[The data Boundary: Start]
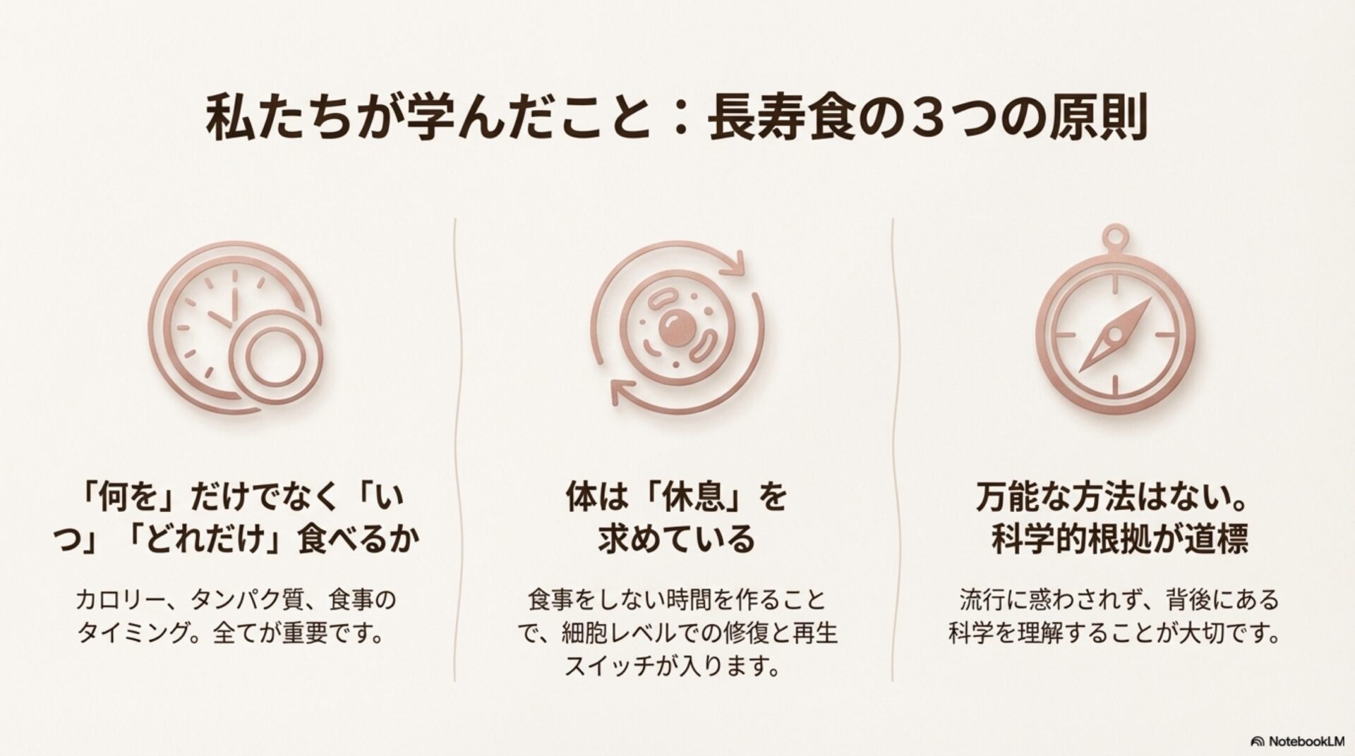 最新の科学は、長寿のための食事法が単なる「カロリー計算」から、より深く、多角的な視点へと進化していることを示しています。何を食べるか(タンパク質の供給源や特定のアミノ酸)、そしていつ食べるか(食事の時間帯)という視点が、健康寿命を延ばすための、これまでの常識を覆す新たな鍵となりつつあります。
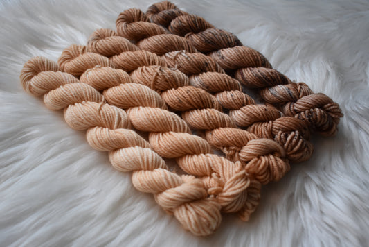 Explore our delightful Mini Hand-Dyed Yarn Skeins! Perfect for adding pops of color to your projects or for intricate colorwork.
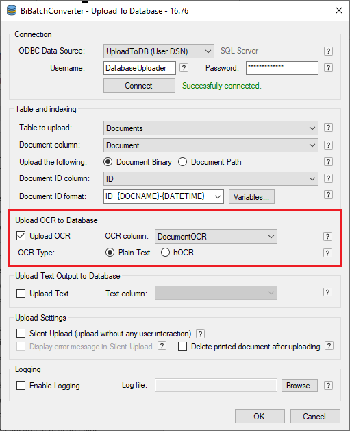 · Upload OCR: Enables uploading OCR (Optical Character Recognition) text to the database. When this option is enabled, and the Printer Driver generates OCR text during the printing, the Upload to Database feature will upload the text to the selected OCR column.
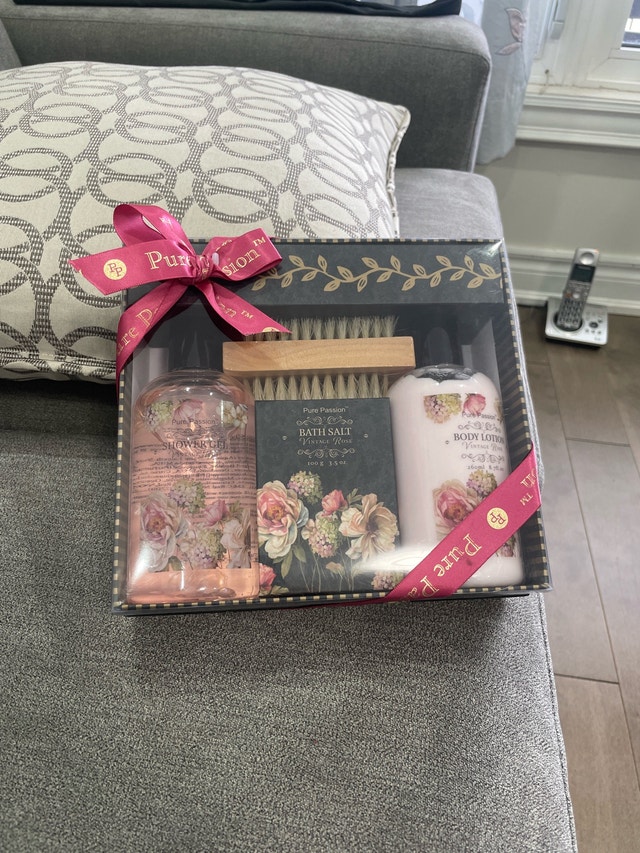 Indulge in the luxurious essence of the Pure Passion Vintage Rose set, featuring shower gel (260ml), body lotion (260ml), bath salts (100g), and a wooden brush. This set offers a complete pampering experience, enveloping you in the delicate fragrance of vintage roses. Specifications: Shower Gel: 260ml, Body Lotion: 260ml, Bath Salts: 100g, Includes: Wooden Brush. If the ad is up, the set is available.
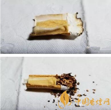 剖開濾嘴,絲束整段顏色偏黃,撕開絲束,內部顏色均勻,煙氣的流速一直算比較恒定可控。煙氣的風味恒定也來源于此。
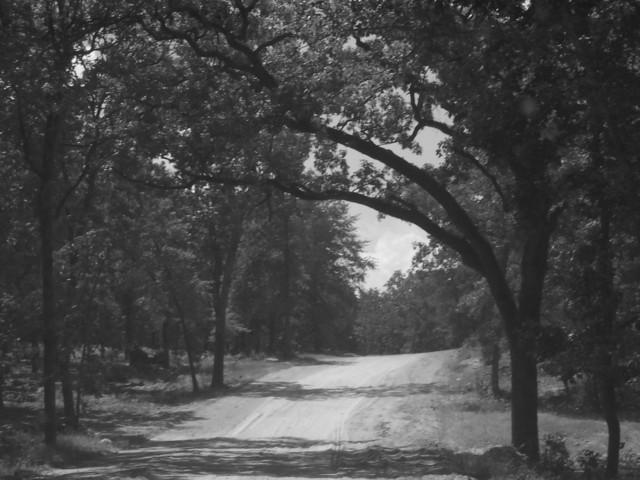A long pathway surrounded by trees
[The data Boundary: End]
(What you need to do) From the data above, return exactly the lines from the one with "Explore our delightful" up to and including the one with "selected OCR column.". Pictures do not go in the copy.

(Answer space)
 Explore our delightful Mini Hand-Dyed Yarn Skeins! Perfect for adding pops of color to your projects or for intricate colorwork.
 · Upload OCR: Enables uploading OCR (Optical Character Recognition) text to the database. When this option is enabled, and the Printer Driver generates OCR text during the printing, the Upload to Database feature will upload the text to the selected OCR column.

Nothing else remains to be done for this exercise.